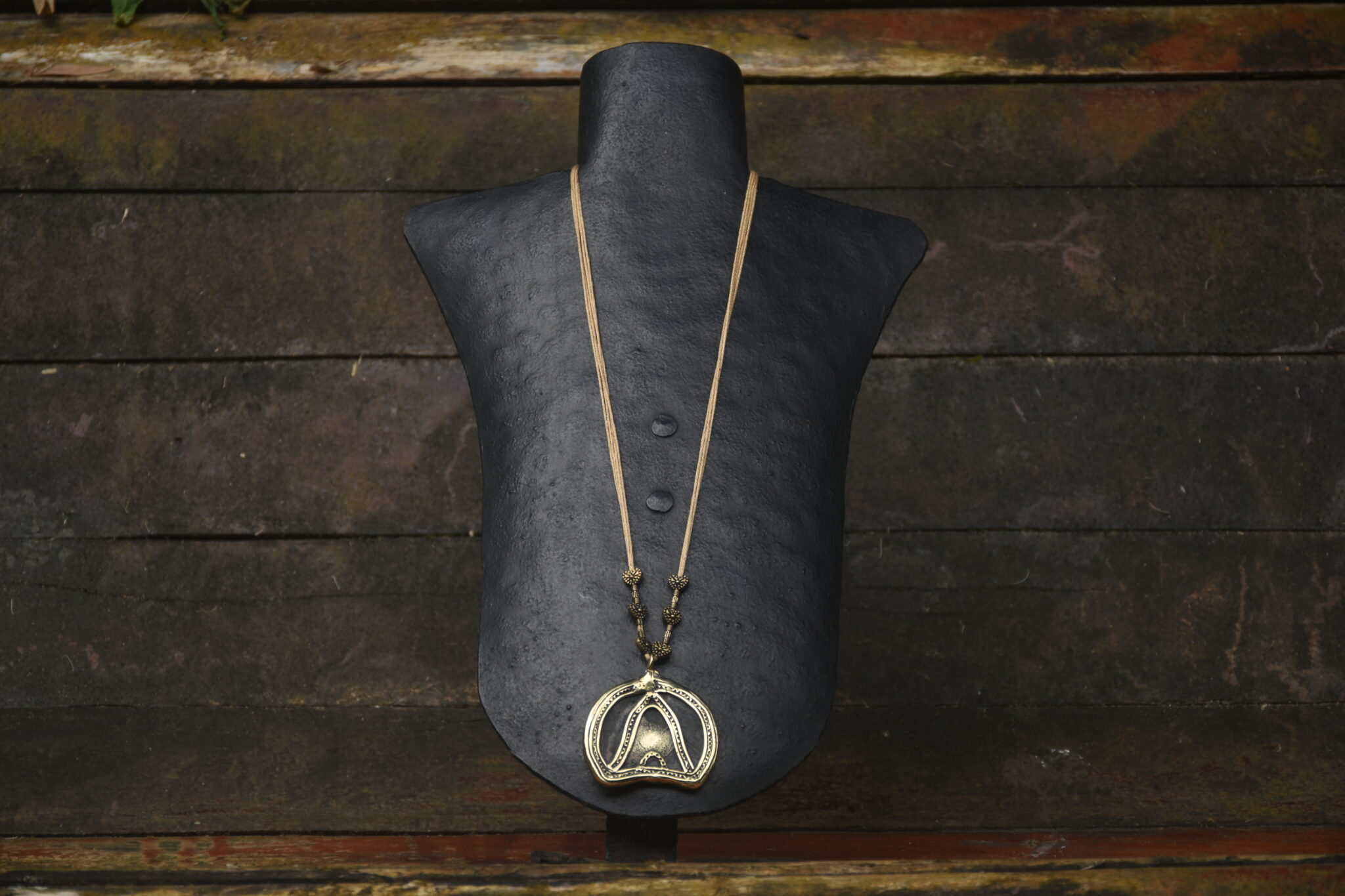 Even the smallest pendant made at Devrai goes through a long journey, and is worked upon at different stages by various members of our team. This is a piece from our terracotta and brass collection, in which the two materials are seamlessly fused in a unified whole. After the pendant is made, the threads are added, decorated with a mix of beads or semi-precious stones to complete the piece. The length of the threads is adjustable.
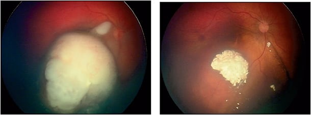 Figure 1. Before (left) and after (right) intra-arterial chemotherapy for Group D retinoblastoma with seeding.
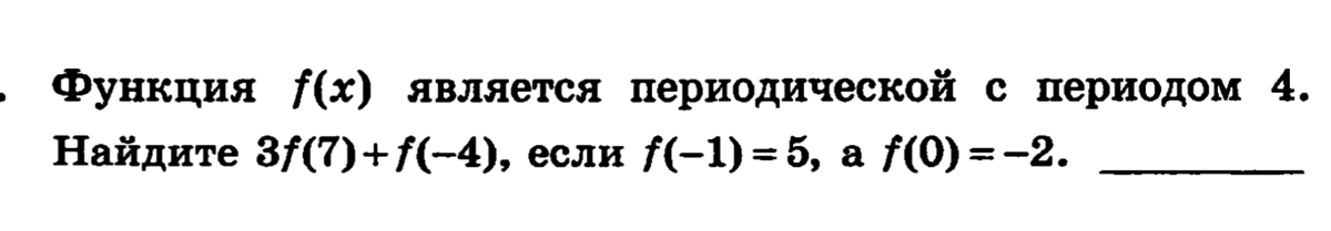 f(7)=f(7-4)=f(3)=f(3-4)=f(-1)=5\f(-4)=f(0-4)=f(0)=-2\3f(7)+f(-4)=3cdot5+(-2)=15-2=13

TASK STATEMENT = Write the listing out exactly, apart from its pictures.

REPLY TO THE EXERCISE =
 Even the smallest pendant made at Devrai goes through a long journey, and is worked upon at different stages by various members of our team. This is a piece from our terracotta and brass collection, in which the two materials are seamlessly fused in a unified whole. After the pendant is made, the threads are added, decorated with a mix of beads or semi-precious stones to complete the piece. The length of the threads is adjustable.
 Figure 1. Before (left) and after (right) intra-arterial chemotherapy for Group D retinoblastoma with seeding.
 f(7)=f(7-4)=f(3)=f(3-4)=f(-1)=5\f(-4)=f(0-4)=f(0)=-2\3f(7)+f(-4)=3cdot5+(-2)=15-2=13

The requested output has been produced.